4. Short-Term Accommodations Disruption
Unconventional supply changes in the form of sharing economy listings on sites such as HomeAway and Airbnb may also represent an increase in competition in a market. Sharing economy sites can quickly adjust supply available during peak demand or whenever some unknown reservation RADR is reached. In the presence of sharing economy alternatives not only are consumers more price sensitive in the face of more accommodation options, but also supply becomes price-sensitive.

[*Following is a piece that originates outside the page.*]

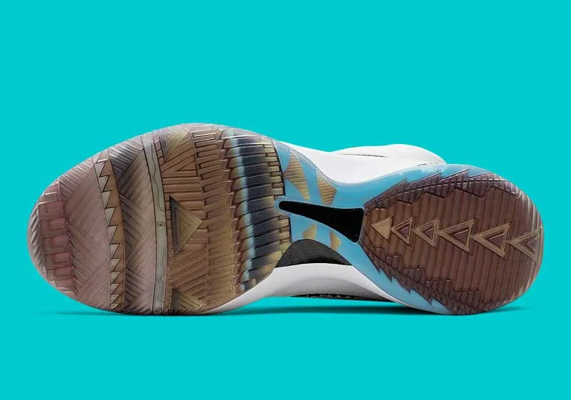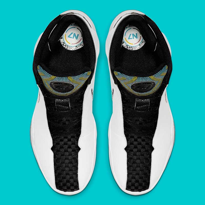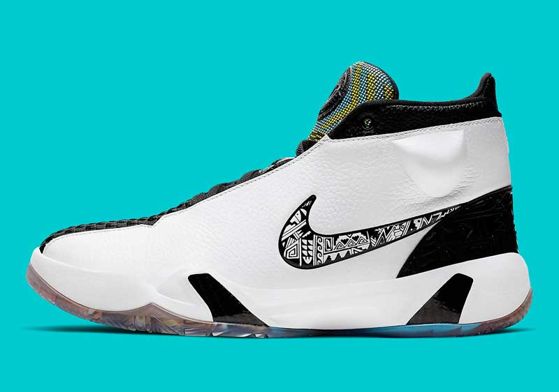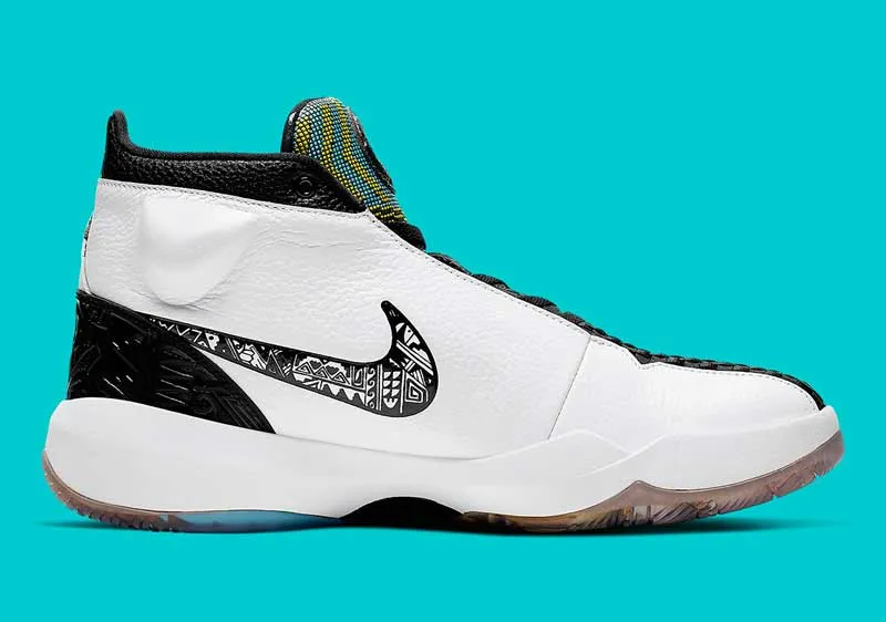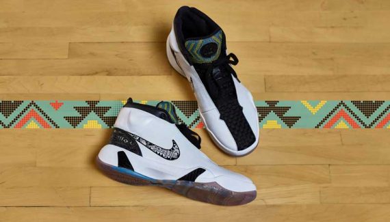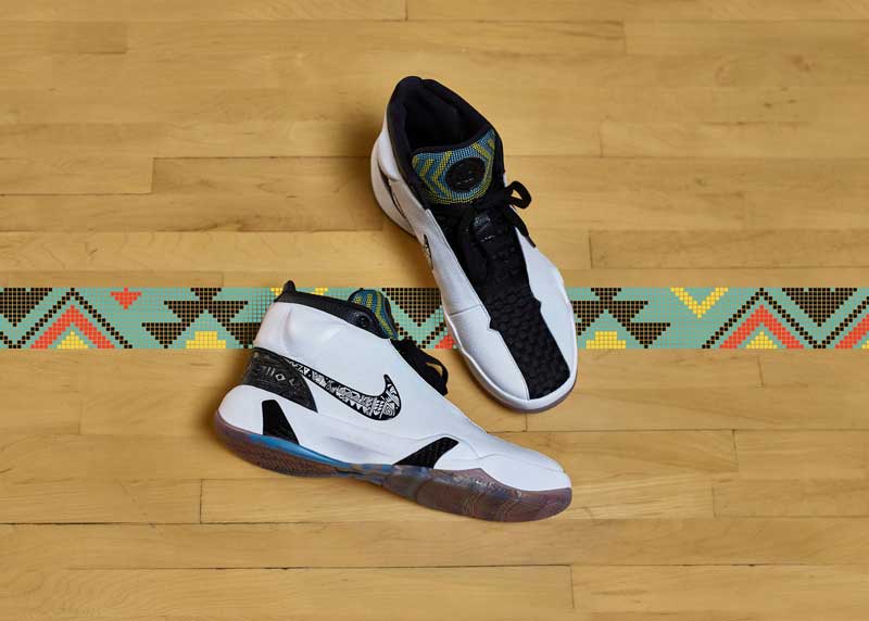 Cette chaussure de basket sort dans le cadre de la collection N7, qui rend hommage chaque année aux Amérindiens. Le modèle aurait été imaginé pour le “rez ball“, un style de jeu physique et rapide, avec beaucoup de pression en défense, pratiqué dans les tribus.

The possibility of new supply entering as RADR increases may convince revenue managers to restrict rate increases preventatively, resulting in higher occupancy and lower rates than otherwise. The peak demand RADR is trimmed off by sharing economy flexible supply, having the effect of lowering average RADR and thus expanding the gap. Exhibit 5 illustrates the size of the occupancy gap along with the supply of Airbnb listings, the largest single source of sharing economy listings, as a percentage of the markets' total hotel supply.
When analyzed by itself, Airbnb listings have about the same explanatory power as conventional supply shifts-between one-quarter and one-third of the variation in the occupancy gap across markets is explained by Airbnb listings. When using both supply change and Airbnb listings, over one half (R2=53%) of the variation is explained and both explanatory variables are very precisely estimated (t>5), indicating that the two variables are each contributing unique explanatory information. It is important to keep in mind that the explanatory power described here is indicative of correlation, rather than causation, but variables estimated with this high a degree of precision and correlation that have sound theoretical reasons for affecting the gap in the manner estimated are excellent candidates for important causes of the occupancy gap.
The occupancy gap remains an ongoing, distinguishing feature of the current hotel cycle. The causes of the gap, rather than being monolithic, likely stem from many causes working together to push the lodging market in previously uncharted territory. In this paper, I have described some promising factors. While significant research into alternative explanations such as the rise of online travel agencies and new revenue management technologies remains, conventional and unconventional supply changes may go a long way to solving the occupancy gap puzzle.